▶ **Data shown**
Segment Open

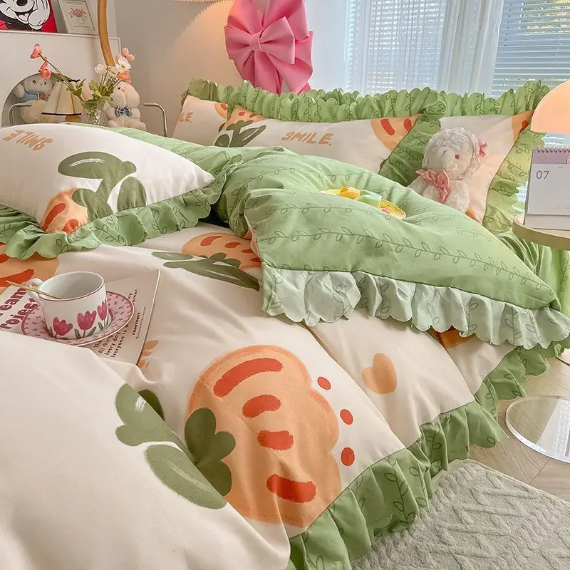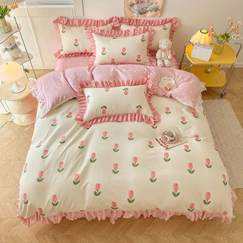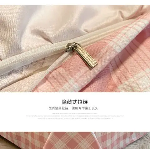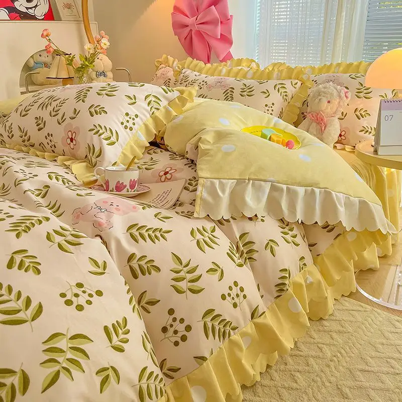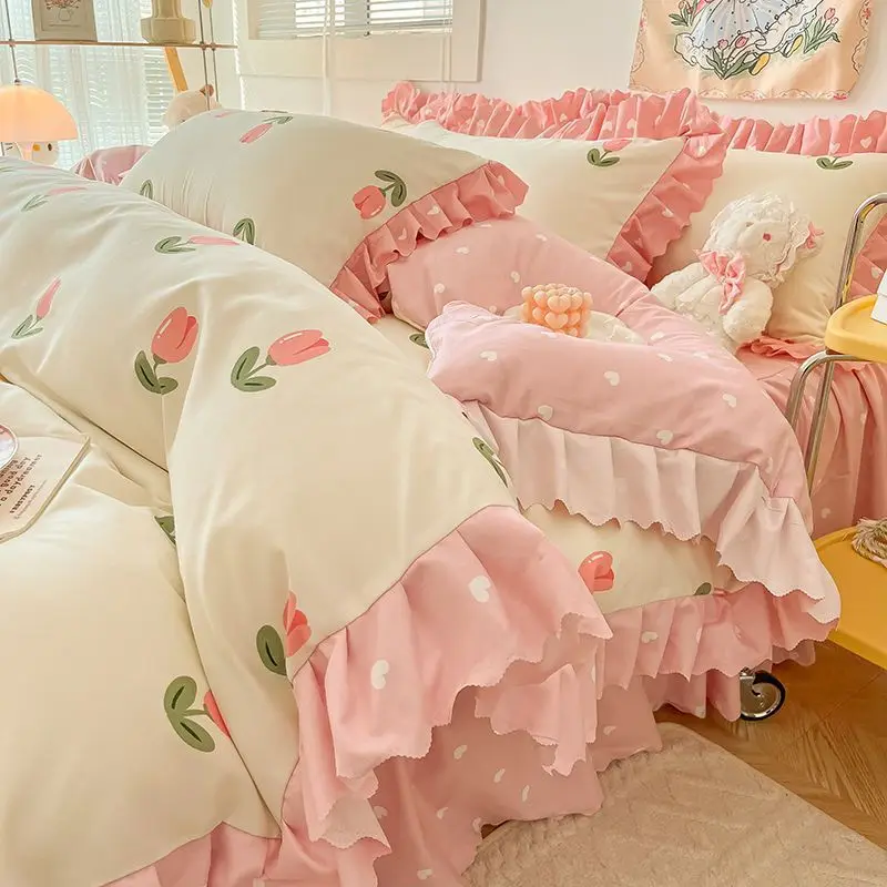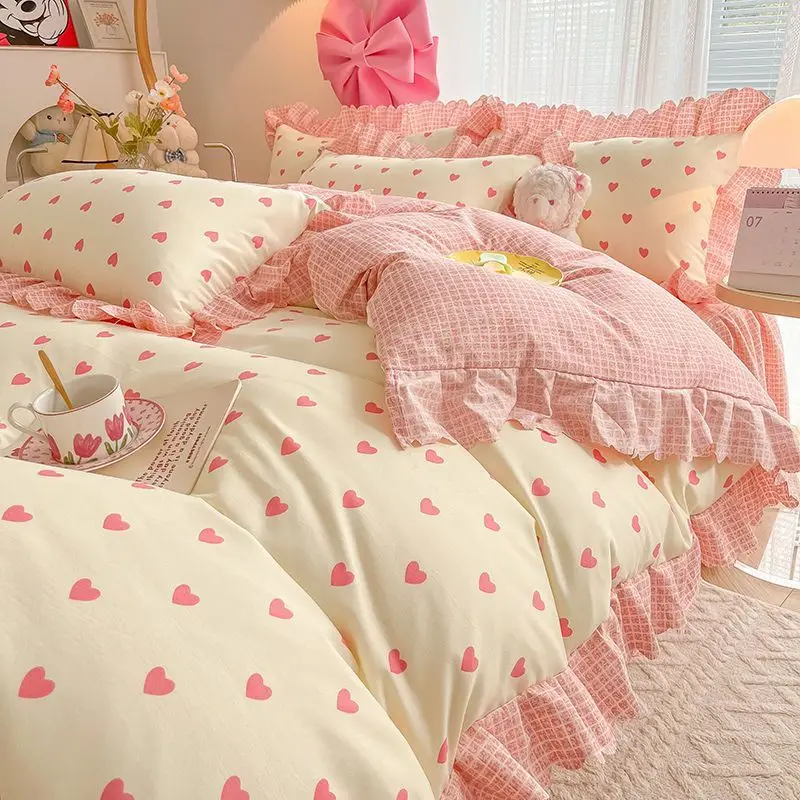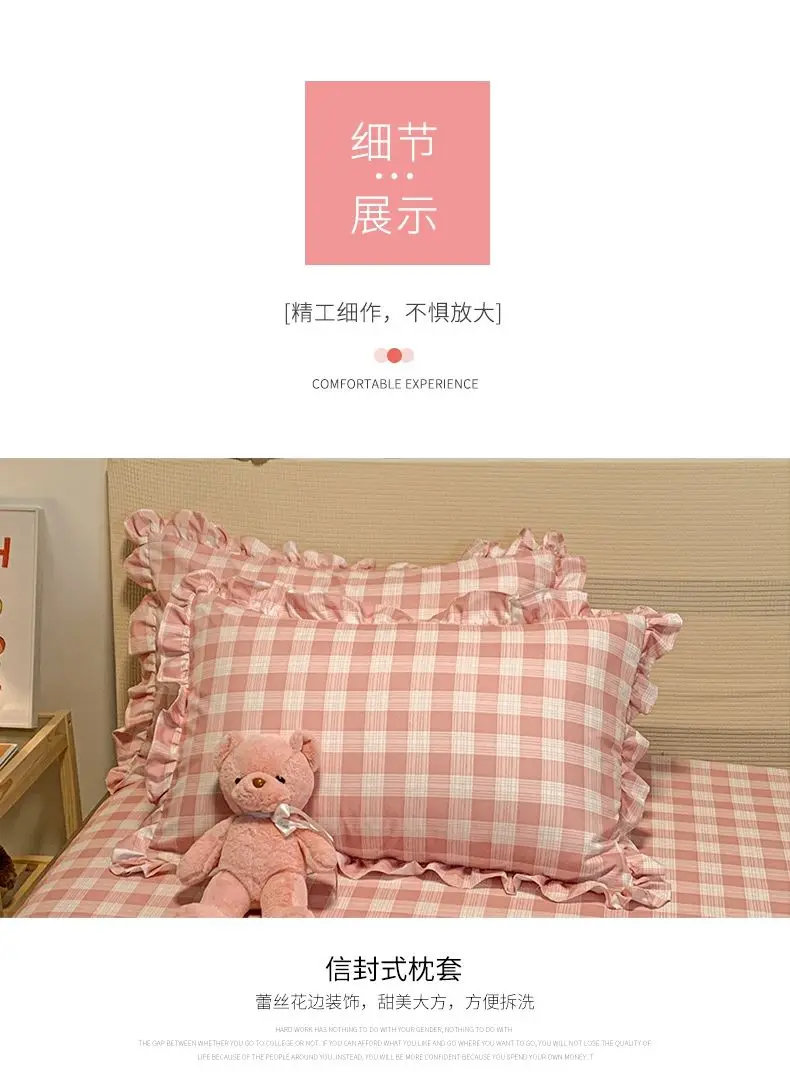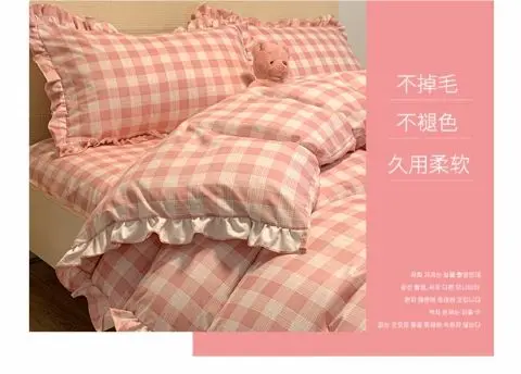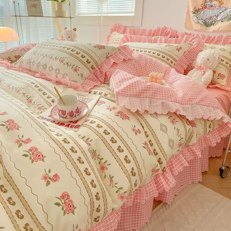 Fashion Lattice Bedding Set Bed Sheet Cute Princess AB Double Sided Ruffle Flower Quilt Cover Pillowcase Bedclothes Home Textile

Segment Closed
Segment Open

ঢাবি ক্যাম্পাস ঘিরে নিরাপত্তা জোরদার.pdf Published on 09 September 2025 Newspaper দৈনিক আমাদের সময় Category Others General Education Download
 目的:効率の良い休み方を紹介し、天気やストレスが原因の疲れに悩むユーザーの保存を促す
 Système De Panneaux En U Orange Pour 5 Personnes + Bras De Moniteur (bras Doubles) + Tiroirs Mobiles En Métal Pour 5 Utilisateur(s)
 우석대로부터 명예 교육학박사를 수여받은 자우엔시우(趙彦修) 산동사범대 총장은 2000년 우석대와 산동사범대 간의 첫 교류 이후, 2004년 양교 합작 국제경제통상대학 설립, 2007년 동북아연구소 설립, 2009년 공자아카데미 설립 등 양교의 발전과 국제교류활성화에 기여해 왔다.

Segment Closed

▶ **What to produce**
In the records above, find the line with "ঢাবি ক্যাম্পাস ঘিরে"; write out exactly that line and each one after it, stopping after the line with "Système De Panneaux".

▶ **Written reply**
ঢাবি ক্যাম্পাস ঘিরে নিরাপত্তা জোরদার.pdf Published on 09 September 2025 Newspaper দৈনিক আমাদের সময় Category Others General Education Download
 目的:効率の良い休み方を紹介し、天気やストレスが原因の疲れに悩むユーザーの保存を促す
 Système De Panneaux En U Orange Pour 5 Personnes + Bras De Moniteur (bras Doubles) + Tiroirs Mobiles En Métal Pour 5 Utilisateur(s)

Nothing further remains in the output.